Te komórki nerwowe są komórkowe szczepów - multipotentne i zdolne do samoodnawiania - którego potencjał różnicowania jest ograniczony do neuronalnych typach komórek, w tym:
Podczas embriogenezy te nerwowe komórki macierzyste są zlokalizowane w komorowej części cewy nerwowej .
Generują wszystkie typy komórek potrzebne ośrodkowemu układowi nerwowemu (z wyjątkiem mikrogleju ) w procesie zwanym neurogenezą .
W przeciwieństwie do tego, co sądzono na początku XX th wieku, neurogenezy nie występuje tylko podczas rozwoju embrionalnego i dojrzewania, ale w dalszym ciągu rozwijać się fizjologicznie całym dorosłym życiu. Sierota receptor jądrowy „TLX” odgrywa rolę w utrzymywaniu i proliferacji komórek macierzystych dorosłych neuronowych przez represję ich różnicowanie do fenotypu gleju.

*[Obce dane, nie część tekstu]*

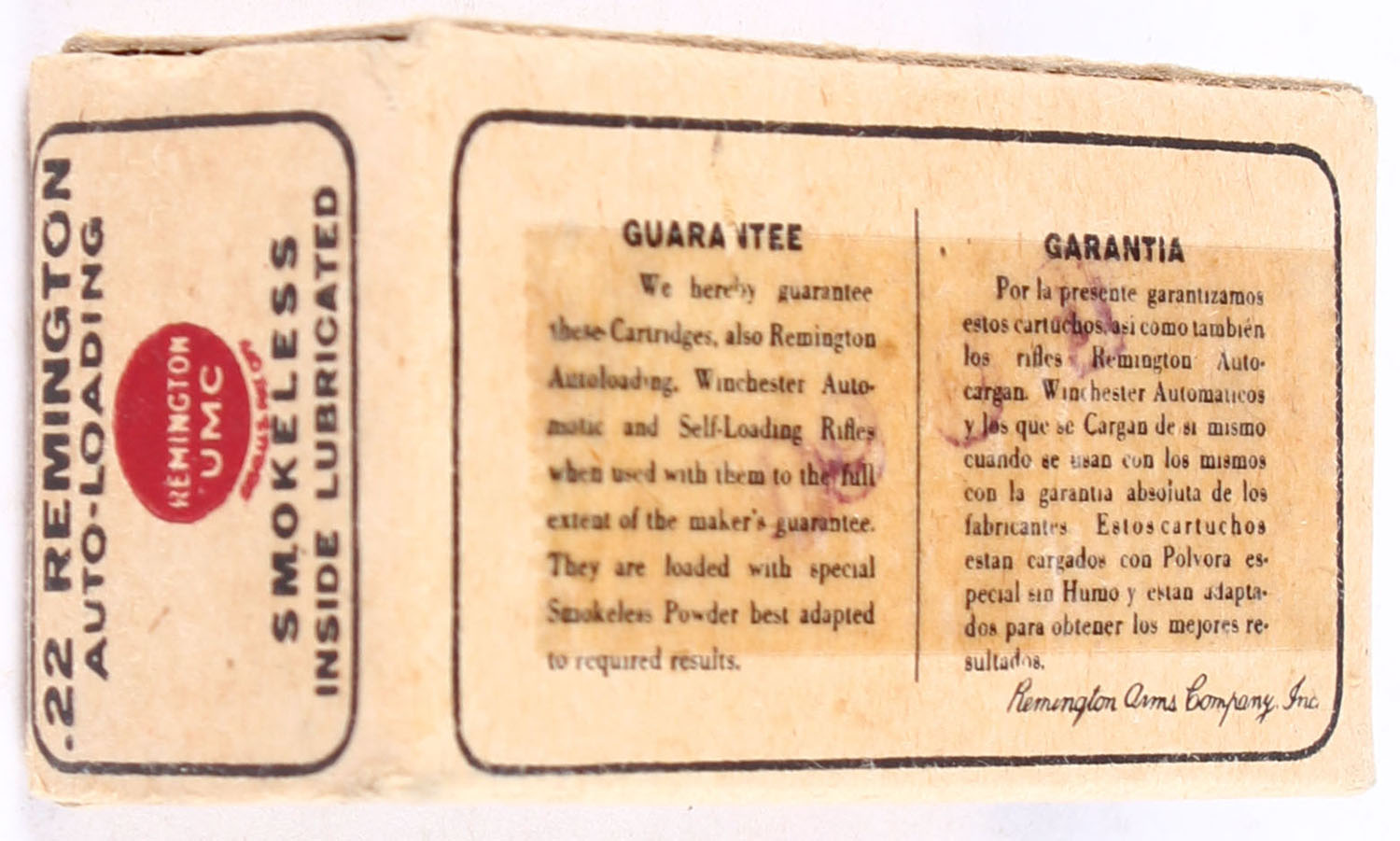 REM-UMC, Rim Fire Cartridges, .22 Remington Autoloading, Smokeless, Inside Lubricated, RHWeb: REM-6 RA-1A, Full, 1pc. Buff & black box, box is solid with excellent color, very minor edge & corner wear, end flaps are solid, ammo is very good to excellent. Grade: Excellent + - Value: 100 to 150
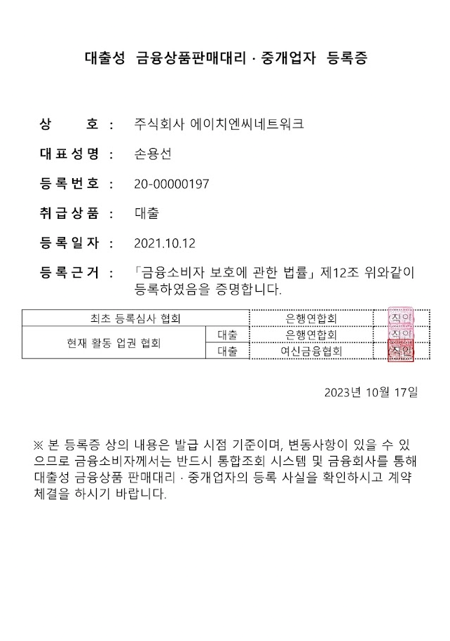 공고 금융상품판매대리 중개업자 등록증(에이치엔씨네트워크) 2025.12.01 당사는 (주)에이치엔씨네트워크를 2025년 12월 1일자로 합병하여 (주)에이치엔씨네크워크의 권리와 의무를 승계함에 따라 (주)에이치엔씨네트워크의 금융상품판매대리중개업자 등록증을 공고합니다. 금융상품판매대리·중개업자 등록증_H&C.jpg 이전글 금융상품판매대리 중개업자 등록증 2025.12.01 다음글 금융소비자보호법 제16조 게시의무 등에 따른 공지 2025.12.01 목록으로

W ssaków tylko dwa regiony mózgu są znane utrzymać dorosłych nerwowych komórek macierzystych:
W szczurów laboratoryjnych , badania wykazały rolę tych komórek nerwowych macierzystych, w pewnych procesach pamięci , depresji i zapach (zapach) zapamiętywania.
Uważa się, że nerwowe komórki macierzyste istnieją również w obwodowym układzie nerwowym dorosłych.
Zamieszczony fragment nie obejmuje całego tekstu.